(Supplied entries)
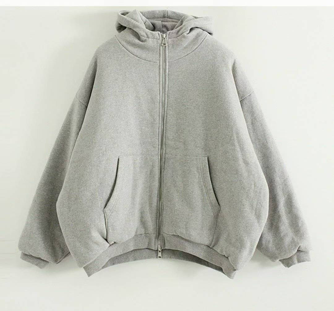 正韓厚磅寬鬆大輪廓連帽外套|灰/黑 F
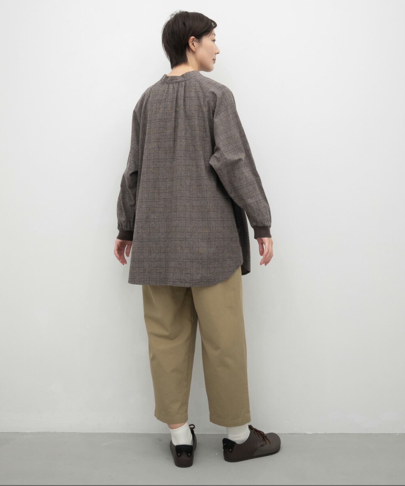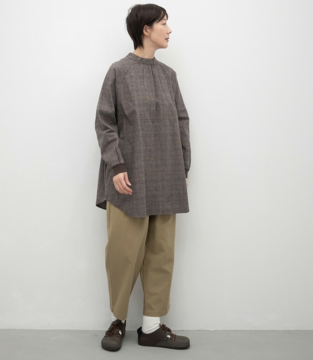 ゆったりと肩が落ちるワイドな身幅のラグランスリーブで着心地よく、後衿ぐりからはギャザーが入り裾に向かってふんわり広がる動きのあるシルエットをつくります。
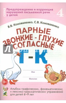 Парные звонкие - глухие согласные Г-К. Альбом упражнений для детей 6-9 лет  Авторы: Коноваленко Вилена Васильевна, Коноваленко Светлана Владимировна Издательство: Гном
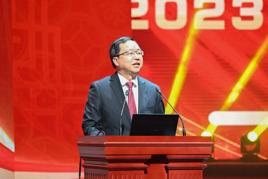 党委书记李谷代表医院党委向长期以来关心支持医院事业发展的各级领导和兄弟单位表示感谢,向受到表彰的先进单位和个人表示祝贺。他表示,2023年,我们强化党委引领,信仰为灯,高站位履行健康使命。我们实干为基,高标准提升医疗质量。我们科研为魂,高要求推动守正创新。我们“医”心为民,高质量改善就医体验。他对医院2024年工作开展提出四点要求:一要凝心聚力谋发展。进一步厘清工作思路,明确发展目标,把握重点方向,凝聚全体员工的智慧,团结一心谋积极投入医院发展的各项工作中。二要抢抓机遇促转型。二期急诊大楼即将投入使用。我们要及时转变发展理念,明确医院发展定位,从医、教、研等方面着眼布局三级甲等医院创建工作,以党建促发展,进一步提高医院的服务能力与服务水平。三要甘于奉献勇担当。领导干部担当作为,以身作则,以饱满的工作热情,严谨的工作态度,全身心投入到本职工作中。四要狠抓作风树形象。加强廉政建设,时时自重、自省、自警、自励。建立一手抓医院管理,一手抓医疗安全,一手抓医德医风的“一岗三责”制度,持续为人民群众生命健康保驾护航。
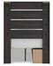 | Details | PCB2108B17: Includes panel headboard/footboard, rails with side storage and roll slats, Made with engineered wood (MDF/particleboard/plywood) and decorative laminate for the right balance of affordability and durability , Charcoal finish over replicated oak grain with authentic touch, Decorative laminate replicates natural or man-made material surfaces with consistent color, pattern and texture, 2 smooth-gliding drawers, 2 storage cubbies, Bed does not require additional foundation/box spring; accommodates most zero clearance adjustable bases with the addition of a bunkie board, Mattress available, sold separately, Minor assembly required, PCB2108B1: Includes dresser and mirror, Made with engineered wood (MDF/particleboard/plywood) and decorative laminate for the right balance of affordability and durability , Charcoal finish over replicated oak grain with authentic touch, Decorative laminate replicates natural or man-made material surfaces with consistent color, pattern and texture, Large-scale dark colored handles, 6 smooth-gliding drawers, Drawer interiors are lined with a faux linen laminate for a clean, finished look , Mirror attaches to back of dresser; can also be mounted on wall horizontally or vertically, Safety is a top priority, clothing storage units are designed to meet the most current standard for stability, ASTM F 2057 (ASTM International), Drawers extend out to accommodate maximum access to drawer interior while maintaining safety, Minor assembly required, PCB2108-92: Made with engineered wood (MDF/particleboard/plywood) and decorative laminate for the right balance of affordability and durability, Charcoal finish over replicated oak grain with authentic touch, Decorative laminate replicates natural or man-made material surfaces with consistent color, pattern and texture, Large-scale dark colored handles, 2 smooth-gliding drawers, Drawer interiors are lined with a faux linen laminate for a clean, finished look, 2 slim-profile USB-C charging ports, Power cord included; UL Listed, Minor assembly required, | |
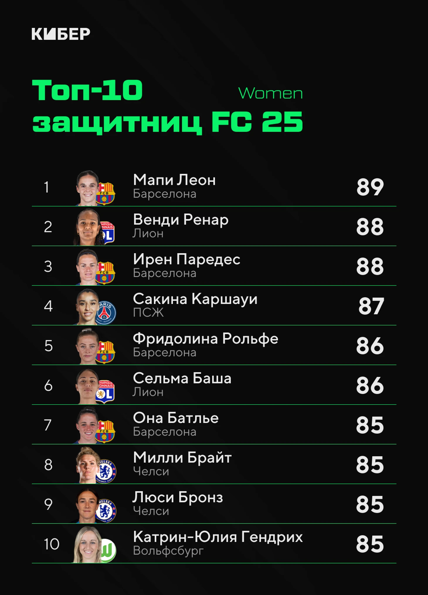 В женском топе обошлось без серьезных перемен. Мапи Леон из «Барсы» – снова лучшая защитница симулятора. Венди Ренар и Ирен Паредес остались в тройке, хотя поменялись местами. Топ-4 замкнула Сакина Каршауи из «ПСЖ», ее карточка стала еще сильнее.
(End Supplied entries)
(Supplied entries)
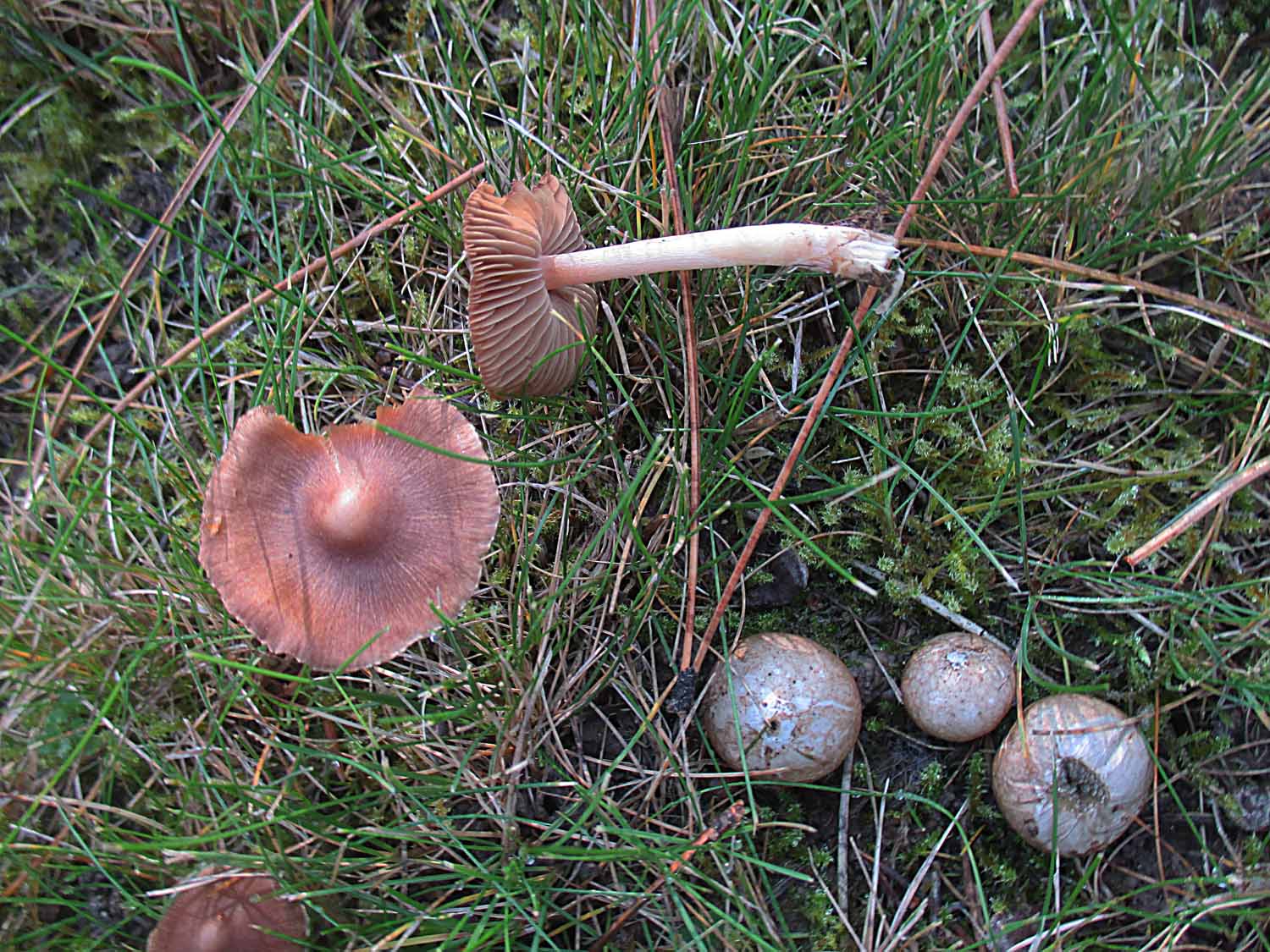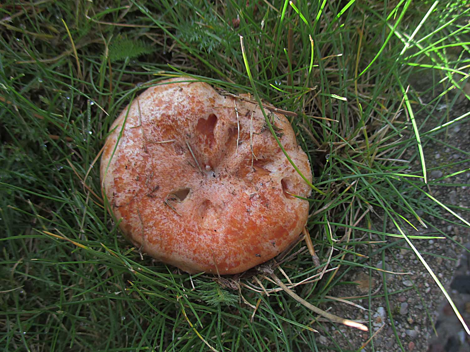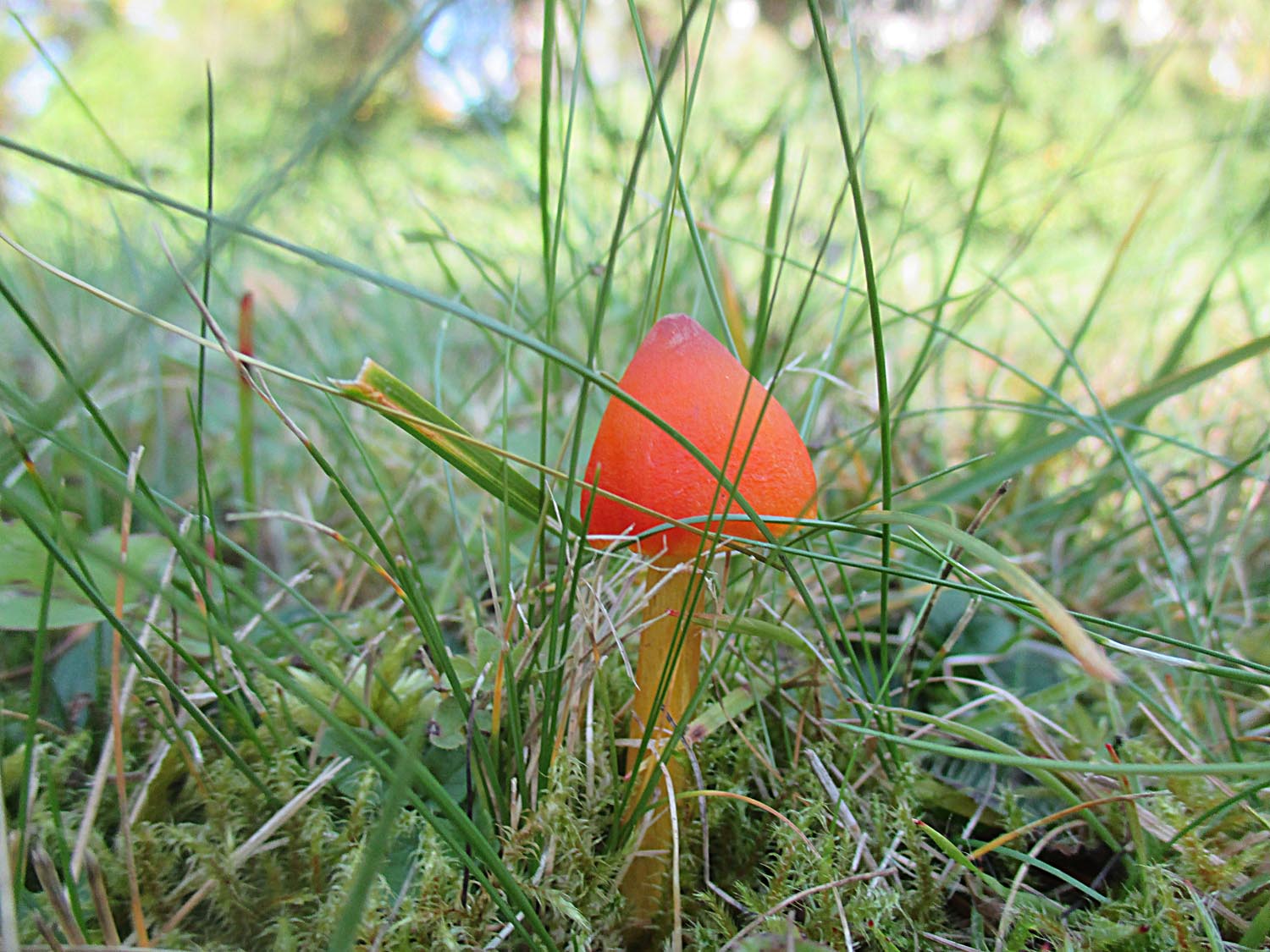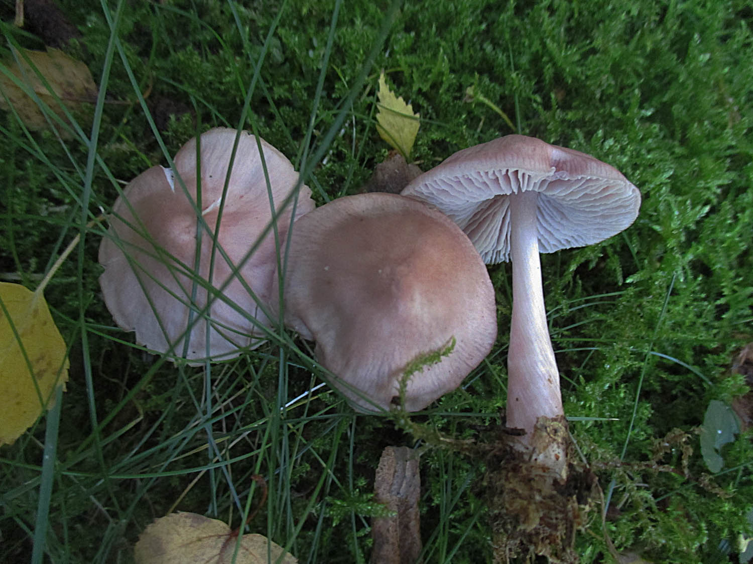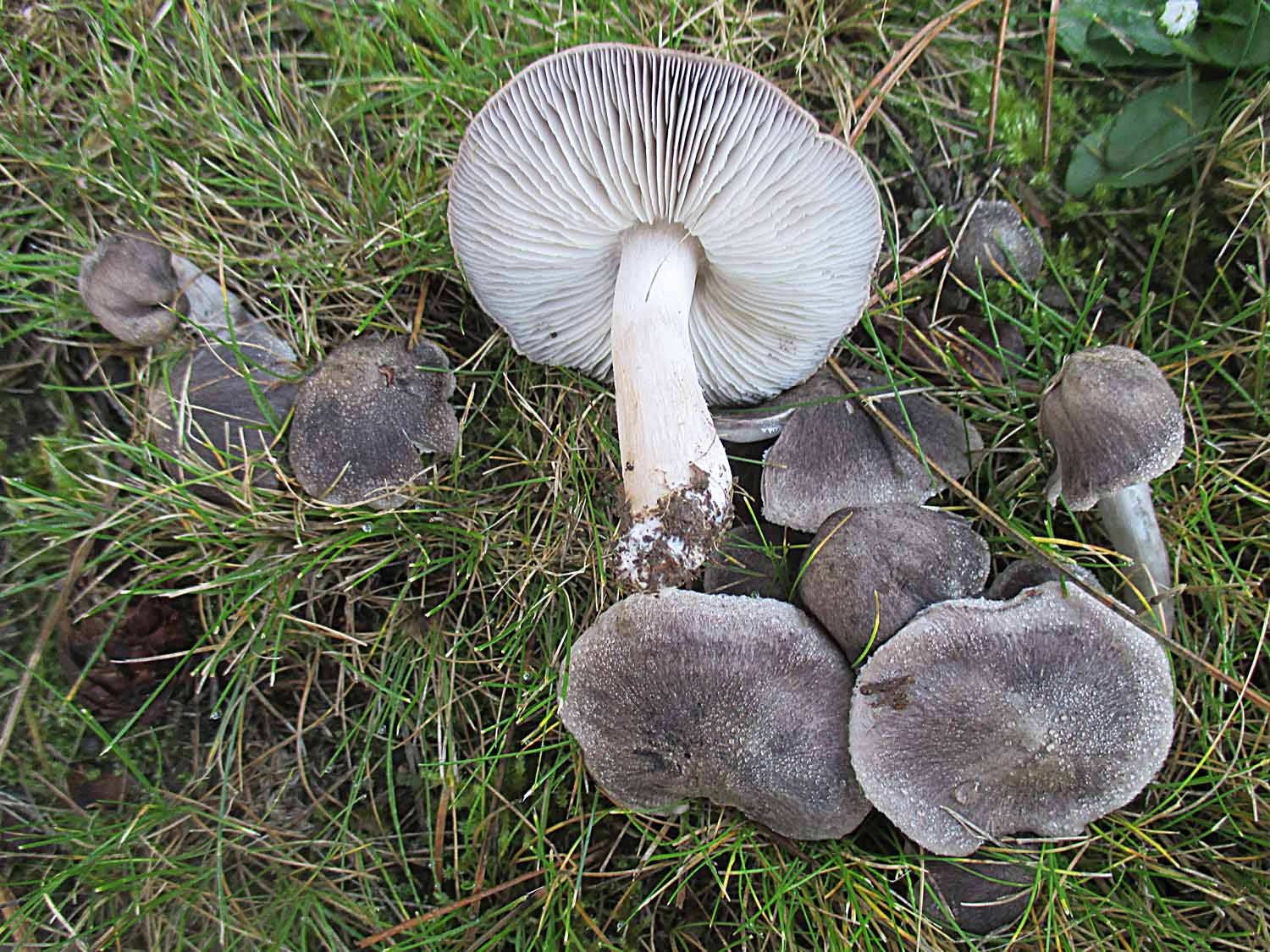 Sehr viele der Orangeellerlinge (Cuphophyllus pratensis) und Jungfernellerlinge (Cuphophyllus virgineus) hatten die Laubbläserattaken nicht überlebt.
(End Supplied entries)
### [Task directions]
Excerpt from the records above: set down only the lines from the one that contains "ゆったりと肩が落ちるワイドな" through the one that contains "党委书记李谷代表医院党委向长", inclusive, word for word. Pictures stay out.

### [Result of the exercise]
 ゆったりと肩が落ちるワイドな身幅のラグランスリーブで着心地よく、後衿ぐりからはギャザーが入り裾に向かってふんわり広がる動きのあるシルエットをつくります。
 Парные звонкие - глухие согласные Г-К. Альбом упражнений для детей 6-9 лет  Авторы: Коноваленко Вилена Васильевна, Коноваленко Светлана Владимировна Издательство: Гном
 党委书记李谷代表医院党委向长期以来关心支持医院事业发展的各级领导和兄弟单位表示感谢,向受到表彰的先进单位和个人表示祝贺。他表示,2023年,我们强化党委引领,信仰为灯,高站位履行健康使命。我们实干为基,高标准提升医疗质量。我们科研为魂,高要求推动守正创新。我们“医”心为民,高质量改善就医体验。他对医院2024年工作开展提出四点要求:一要凝心聚力谋发展。进一步厘清工作思路,明确发展目标,把握重点方向,凝聚全体员工的智慧,团结一心谋积极投入医院发展的各项工作中。二要抢抓机遇促转型。二期急诊大楼即将投入使用。我们要及时转变发展理念,明确医院发展定位,从医、教、研等方面着眼布局三级甲等医院创建工作,以党建促发展,进一步提高医院的服务能力与服务水平。三要甘于奉献勇担当。领导干部担当作为,以身作则,以饱满的工作热情,严谨的工作态度,全身心投入到本职工作中。四要狠抓作风树形象。加强廉政建设,时时自重、自省、自警、自励。建立一手抓医院管理,一手抓医疗安全,一手抓医德医风的“一岗三责”制度,持续为人民群众生命健康保驾护航。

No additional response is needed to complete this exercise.